Золотая долина (СИ)
Тили вздохнула с лёгкой завистью. Пачу был очень, очень большим, но Аяна, стоя рядом с ним, была всего на ладонь ниже его холки. Тили мало того, что была на добрых полголовы ниже подруги, так ещё и верхом ездила слишком редко, чтобы так сноровисто забраться на его спину.
- Ты прямо как птица взлетаешь на него. Научи его опускаться на колени, - предложила она, когда после поисков большого камня и некоторой возни с верёвкой они ехали шагом вдоль реки. - Он же умный, быстро научится, а нам станет гораздо легче.
- А научу! - Аяна представила, как огромный Пачу становится перед ней на колени, и рассмеялась. - Несколько лепёшек, и дело сделано!
Пачу на ходу покосился на хозяйку, услышав заветное слово, и разочарованно фыркнул, когда понял, что угощения не будет.
Уже стемнело, когда он немного ускорил шаг, почуяв дом, а это означало, что до деревни осталось не более половины ранда*.
________________________
*Ранд - 2100 м
Действительно, совсем скоро на другом берегу за за золотыми деревьями они увидели затон с большими рыбацкими лодками, а уже за следующим изгибом реки показались первые крыши дворов, и до девушек донеслись соблазнительные запахи ближайших очагов.
Тили неловко сползла со спины Пачу, хватаясь за руки Аяны, на что добродушный великан отреагировал лишь косым взглядом.
- Приходи завтра, поможешь! - сказала она, разминая ноги и спину.
Она помахала рукой и скрылась за тускло освещёнными воротами своего двора, створки которых всегда стояли распахнутыми и прочно застряли в этом положении из-за густой поросли вьюнка и ползухи, цепко оплетавшей потемневшие влажные доски.
Аяна пяткой направила Пачу в сторону дома. Заезжая в широкие деревянные ворота, она услышала обрывки слов и негромкий смех со стороны летнего очага, и с удовольствием отметила, что с одного конца в его длинной чаше, сложенной из камней, ещё мерцают угли. В небольшом котелке, подвешенном на крюке, явно побулькивало что-то съестное, судя по запаху - с пряными травами, да ещё и на мясном бульоне. Желудок тут же издал громкую и не очень мелодичную трель.

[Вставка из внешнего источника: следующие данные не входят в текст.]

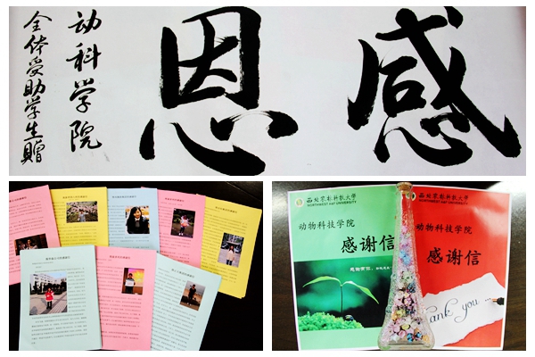 学院认真做好受助学生助后教育,增强学生爱国爱校之情,培养学生的感恩意识和社会责任感,通过开展志愿服务、支农支教、文艺下乡、走进社区等系列活动,让受助学生在活动中增长才干,实现从接受资助到自助再到帮助他人的转变。举办“我的一封信”活动,同学们向企业寄送感谢信和手工作品,汇报自己在校的学习生活情况,表达自己的感恩之心。水产121班陈蕾同学表示,感谢企业对我的资助和关心,感谢学院和老师对我的谆谆教导,我将用优异的成绩感恩企业、回报师恩、奉献社会。

Пачу уверенно направлялся в сторону конюшни, Аяна на ходу скинула с него навьюченные пухлые мешки и следом соскочила сама. Заперев его в просторном деннике и повесив ошейник на один из пустых крюков, она отвязала мешки друг от друга, оттащила их в соседний пустующий денник и окинула взглядом результат работы.
Травы они набрали много. Завтра с самого утра тётка Сола с Марой и младшими засядут за работу - разберут зубовик на небольшие связки, стряхнут оставшиеся на стеблях паутинки, сгонят мелких насекомых, затаившихся в устьицах, оборвут нижние сухие или подгнившие листочки, обвяжут каждый пучок суровой ниткой. А ближе к вечеру, охая и хватаясь руками за затёкшую спину, Сола отправит детей развешивать длинные гирлянды из пучков травы между стропил сеновала.
Аяна довольно отряхнула руки и повернулась в темноту двора, к длинному очагу, мечтая о миске густой наваристой похлёбки. Над широким деревянным столом ещё горели два больших светильника, и вокруг, исчезая и появляясь в небольших пятнах жёлтого света, зябко вились несколько осенних мотыльков.
- Доброго вечера! День был подарен нам на благо! Здравствуйте! - Беседа прервалась, когда она подошла, приветствуя сидевших за столом Дар и Ванду.
- А мама уже спит? - спросила она у отца, до краёв наливая похлёбку в большую миску.
- Да, ей сегодня снова было нехорошо, болела голова.
Даже в тусклом свете светильников было видно, как отец нахмурился.
- Я пойду к ней завтра! - Она поставила миску на стол, подошла к отцу и обняла его, прижавшись щекой к жёсткой пепельно-русой бороде.
- Сходи, сходи. - Он погладил её по голове, отставляя кружку с любимым напитком из сладкого корня.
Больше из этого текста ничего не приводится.